Your task: Type the listing below out again exactly. No images.

Dataset section:
----------
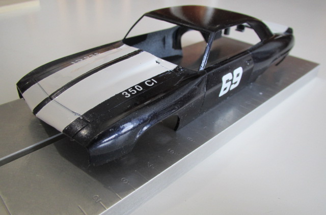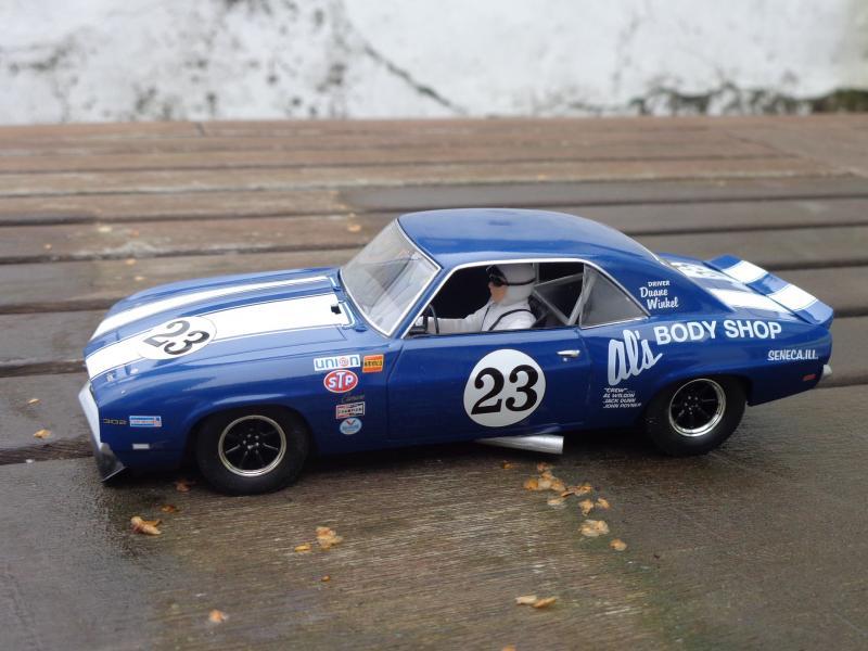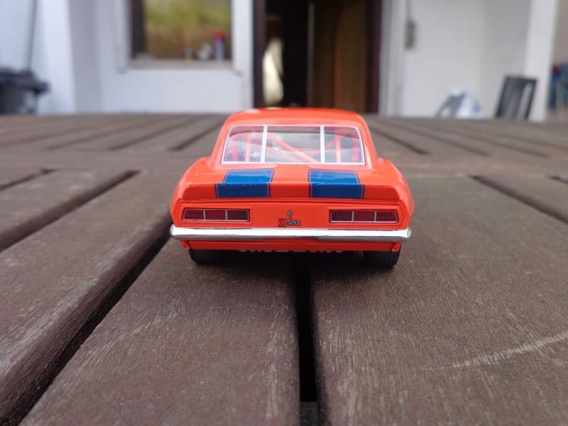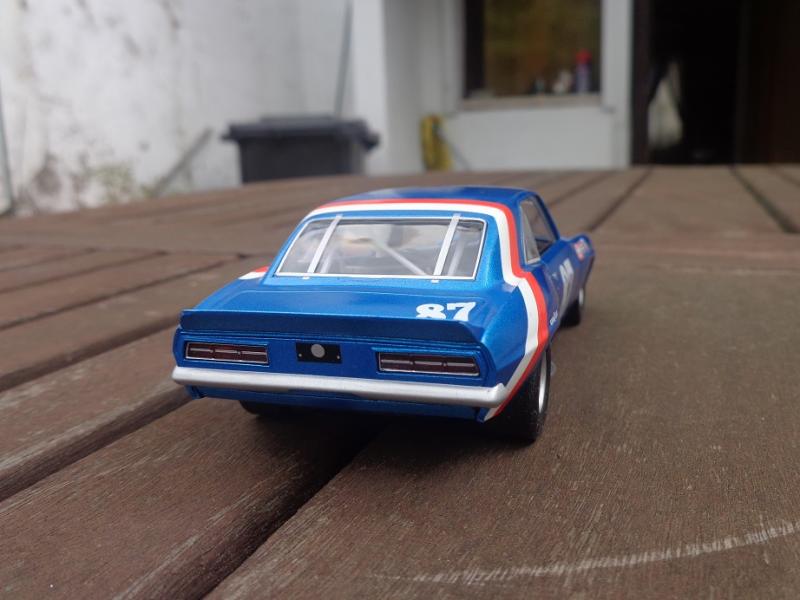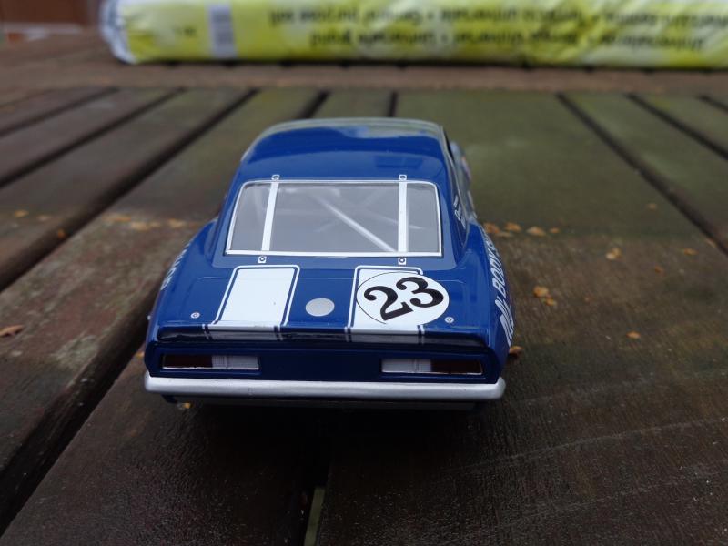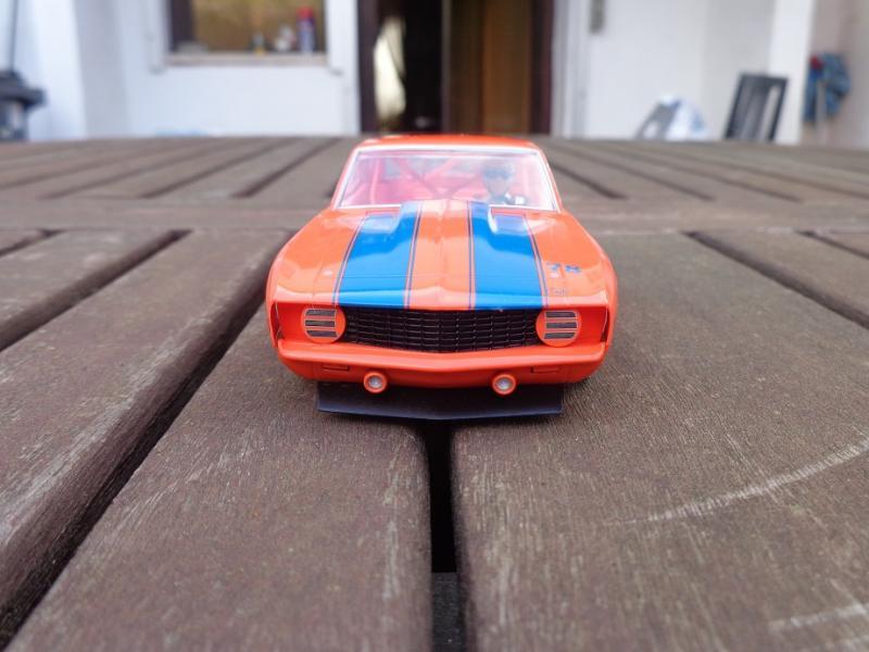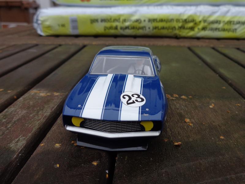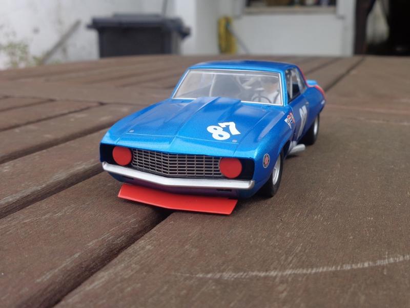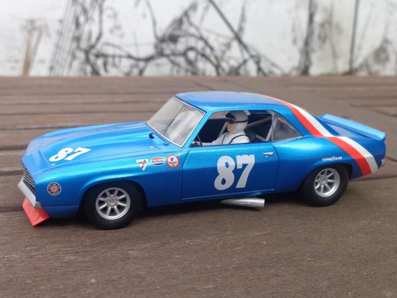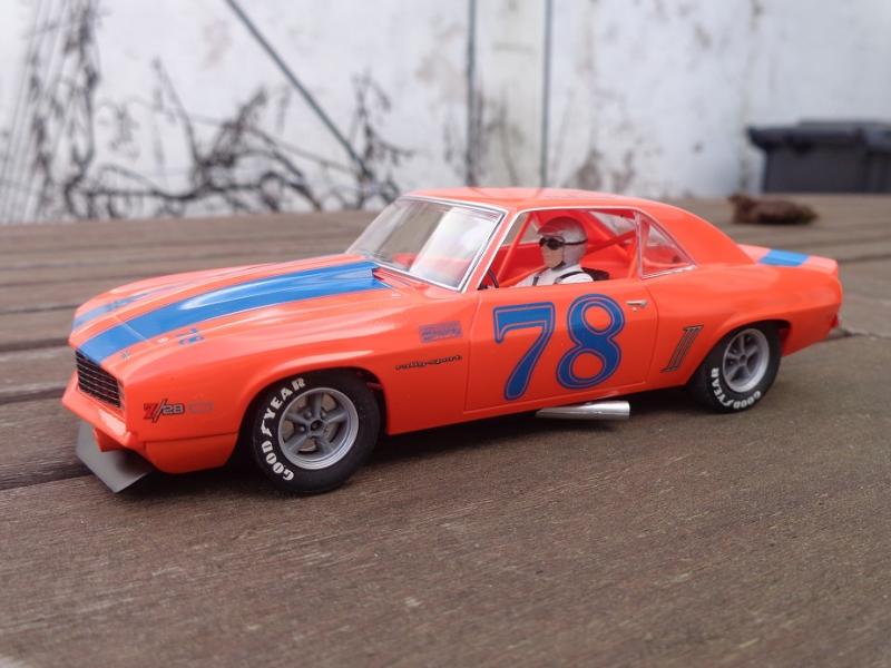 Sur la Camaro Scalex (j'en ai 3) : roues d'origine à la poubelle, jantes alu CB Design, pneus arrière uréthane Paul Gage ou caoutchouc Slot-It P6 (selon les pistes), pneus vernis à l'avant, guide Slot-It avec adaptateur B-Nova, couronne alu Slot-It, axes Slot-It, lest avant et arrière, rognage du châssis et du fond de l'habitacle pour le tilt, etc.
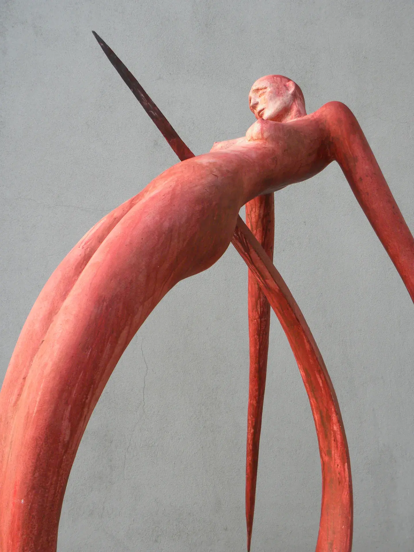 Il progetto si configura come un ambiente installativo in cui scultura, suono, architettura e memoria si intrecciano in una riflessione intensa sulla fragilità dell’identità, sul trauma della separazione e sui processi di trasformazione individuale e collettiva. Al centro della mostra vi è la figura di Medea, sottratta alla tradizionale lettura tragica per diventare simbolo contemporaneo di esilio, dislocazione e mutazione. Più che personaggio mitologico, Medea emerge come soglia interpretativa attraverso cui leggere tensioni culturali, memorie spezzate e appartenenze instabili. Il riferimento alla Colchide, territorio legato al mito e alle origini georgiane dell’artista, apre una riflessione sulle geografie simboliche dell’Est europeo e sulle stratificazioni storiche che ancora attraversano il presente. Nel percorso espositivo, Venezia assume un ruolo centrale come città-limite, sospesa tra conservazione e scomparsa, splendore storico e precarietà contemporanea. Questa tensione prende forma in un modello urbano modulare che appare e si dissolve ciclicamente, evocando una città in costante ridefinizione. Le superfici in carta rossa e blu, segnate da fratture, accumuli e incisioni, si presentano come archivi sensibili del tempo: non semplici immagini, ma tracce materiche di ciò che resta, riaffiora o scompare. Le sculture cinetiche introducono una dimensione corporea e temporale che amplifica l’esperienza della mostra. In Reptile, struttura ibrida che connette pavimento e parete, il rettile diventa simbolo arcaico di sopravvivenza e metamorfosi, una sorta di spina dorsale della memoria capace di attraversare trauma e rigenerazione. In Whirling Woman, invece, il movimento rotatorio continuo trasforma il corpo in energia circolare, liberandolo da ogni linearità narrativa e suggerendo una condizione di esilio permanente, interiore e storico. Fondamentale è anche la componente sonora affidata a Soundwalk Collective, con la composizione Medea realizzata da Stephan Crasneanscki e Simone Merli. Costruita attraverso onde radio, registrazioni ambientali e frammenti vocali provenienti dall’area del Mar Nero, la traccia sonora genera un paesaggio acustico frammentato e immersivo che non accompagna semplicemente la visione, ma la destabilizza e la espande nello spazio percettivo.
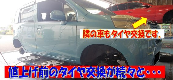 9月1日~ タイヤ値上げ を控えてる中、日に日にタイヤ交換を希望される方の来店が増えています。
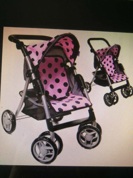 wozek z lalką, ktora przy użyciu smoczka śmieje sie , płacze i mowi mama
----------
Response area:
 Sur la Camaro Scalex (j'en ai 3) : roues d'origine à la poubelle, jantes alu CB Design, pneus arrière uréthane Paul Gage ou caoutchouc Slot-It P6 (selon les pistes), pneus vernis à l'avant, guide Slot-It avec adaptateur B-Nova, couronne alu Slot-It, axes Slot-It, lest avant et arrière, rognage du châssis et du fond de l'habitacle pour le tilt, etc.
 Il progetto si configura come un ambiente installativo in cui scultura, suono, architettura e memoria si intrecciano in una riflessione intensa sulla fragilità dell’identità, sul trauma della separazione e sui processi di trasformazione individuale e collettiva. Al centro della mostra vi è la figura di Medea, sottratta alla tradizionale lettura tragica per diventare simbolo contemporaneo di esilio, dislocazione e mutazione. Più che personaggio mitologico, Medea emerge come soglia interpretativa attraverso cui leggere tensioni culturali, memorie spezzate e appartenenze instabili. Il riferimento alla Colchide, territorio legato al mito e alle origini georgiane dell’artista, apre una riflessione sulle geografie simboliche dell’Est europeo e sulle stratificazioni storiche che ancora attraversano il presente. Nel percorso espositivo, Venezia assume un ruolo centrale come città-limite, sospesa tra conservazione e scomparsa, splendore storico e precarietà contemporanea. Questa tensione prende forma in un modello urbano modulare che appare e si dissolve ciclicamente, evocando una città in costante ridefinizione. Le superfici in carta rossa e blu, segnate da fratture, accumuli e incisioni, si presentano come archivi sensibili del tempo: non semplici immagini, ma tracce materiche di ciò che resta, riaffiora o scompare. Le sculture cinetiche introducono una dimensione corporea e temporale che amplifica l’esperienza della mostra. In Reptile, struttura ibrida che connette pavimento e parete, il rettile diventa simbolo arcaico di sopravvivenza e metamorfosi, una sorta di spina dorsale della memoria capace di attraversare trauma e rigenerazione. In Whirling Woman, invece, il movimento rotatorio continuo trasforma il corpo in energia circolare, liberandolo da ogni linearità narrativa e suggerendo una condizione di esilio permanente, interiore e storico. Fondamentale è anche la componente sonora affidata a Soundwalk Collective, con la composizione Medea realizzata da Stephan Crasneanscki e Simone Merli. Costruita attraverso onde radio, registrazioni ambientali e frammenti vocali provenienti dall’area del Mar Nero, la traccia sonora genera un paesaggio acustico frammentato e immersivo che non accompagna semplicemente la visione, ma la destabilizza e la espande nello spazio percettivo.
 9月1日~ タイヤ値上げ を控えてる中、日に日にタイヤ交換を希望される方の来店が増えています。
 wozek z lalką, ktora przy użyciu smoczka śmieje sie , płacze i mowi mama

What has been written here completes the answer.